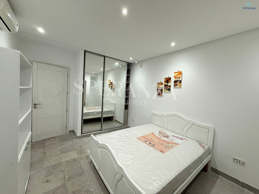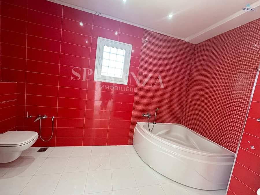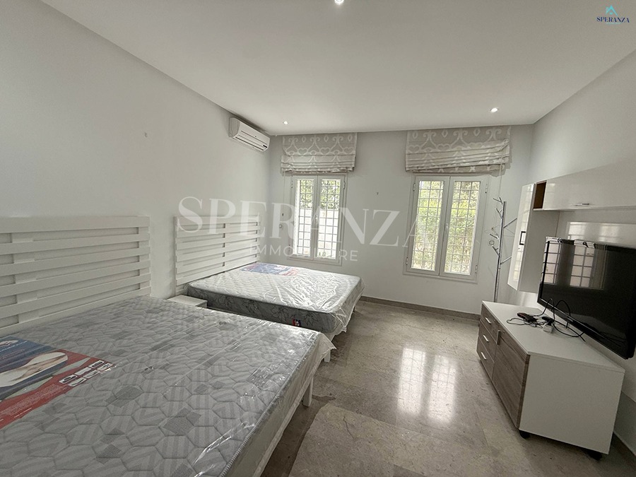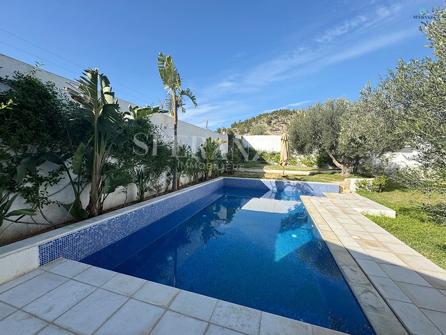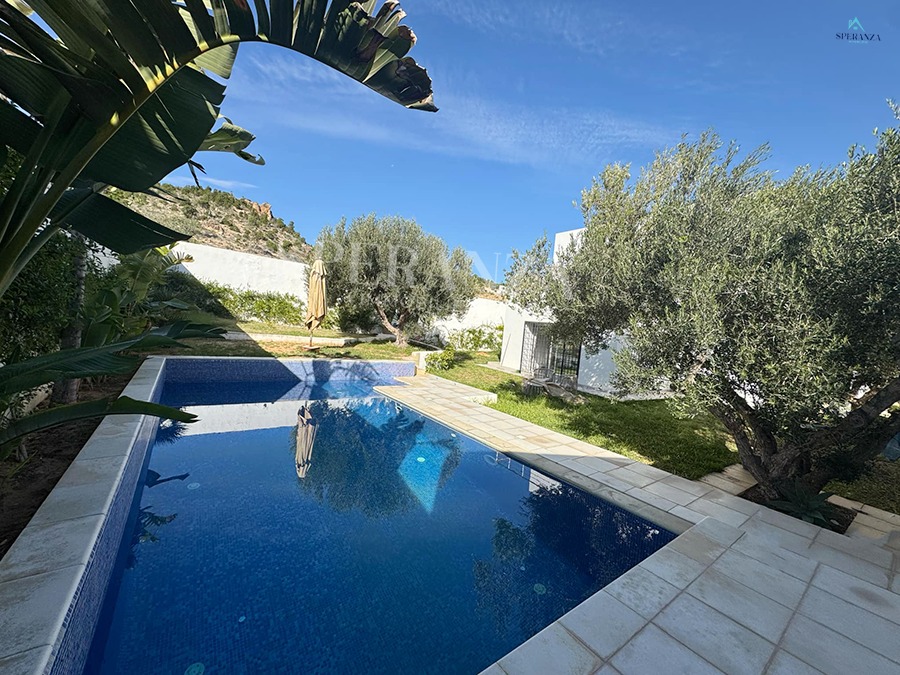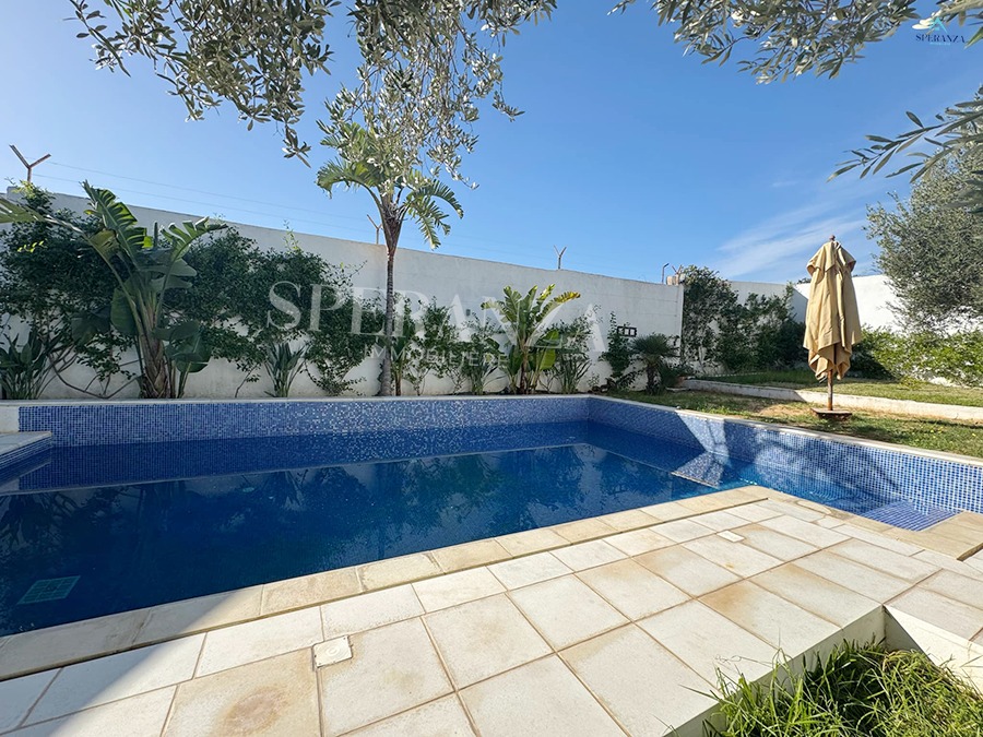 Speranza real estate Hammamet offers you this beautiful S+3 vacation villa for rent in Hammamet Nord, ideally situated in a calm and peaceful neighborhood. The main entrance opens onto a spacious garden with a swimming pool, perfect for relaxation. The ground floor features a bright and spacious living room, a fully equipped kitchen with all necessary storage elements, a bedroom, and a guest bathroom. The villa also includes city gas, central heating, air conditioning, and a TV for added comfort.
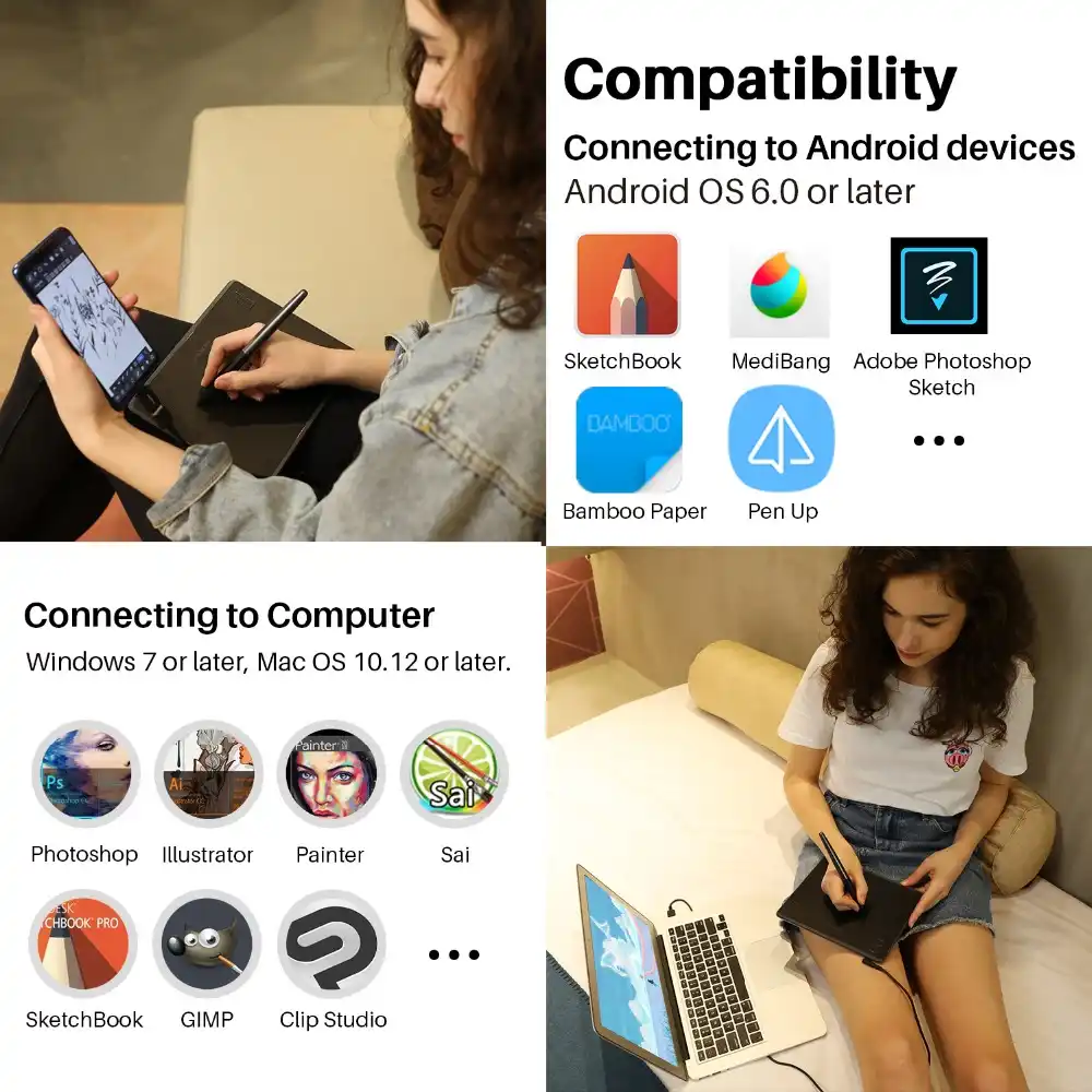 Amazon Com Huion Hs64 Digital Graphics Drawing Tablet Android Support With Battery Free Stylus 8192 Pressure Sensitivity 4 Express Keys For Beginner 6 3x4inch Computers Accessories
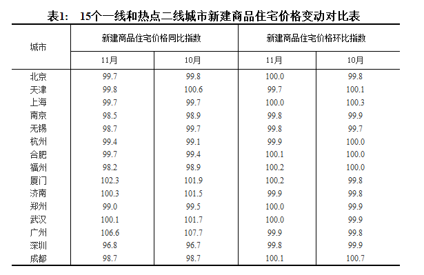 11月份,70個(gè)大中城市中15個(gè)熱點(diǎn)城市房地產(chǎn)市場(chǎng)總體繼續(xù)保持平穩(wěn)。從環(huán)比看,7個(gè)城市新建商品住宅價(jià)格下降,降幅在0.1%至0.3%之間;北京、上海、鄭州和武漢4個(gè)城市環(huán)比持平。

▸ PROBLEM DESCRIPTION: Retype all of the listing word for word and skip the pictures.

▸ FINISHED TASK:
 Speranza real estate Hammamet offers you this beautiful S+3 vacation villa for rent in Hammamet Nord, ideally situated in a calm and peaceful neighborhood. The main entrance opens onto a spacious garden with a swimming pool, perfect for relaxation. The ground floor features a bright and spacious living room, a fully equipped kitchen with all necessary storage elements, a bedroom, and a guest bathroom. The villa also includes city gas, central heating, air conditioning, and a TV for added comfort.
 Amazon Com Huion Hs64 Digital Graphics Drawing Tablet Android Support With Battery Free Stylus 8192 Pressure Sensitivity 4 Express Keys For Beginner 6 3x4inch Computers Accessories
 11月份,70個(gè)大中城市中15個(gè)熱點(diǎn)城市房地產(chǎn)市場(chǎng)總體繼續(xù)保持平穩(wěn)。從環(huán)比看,7個(gè)城市新建商品住宅價(jià)格下降,降幅在0.1%至0.3%之間;北京、上海、鄭州和武漢4個(gè)城市環(huán)比持平。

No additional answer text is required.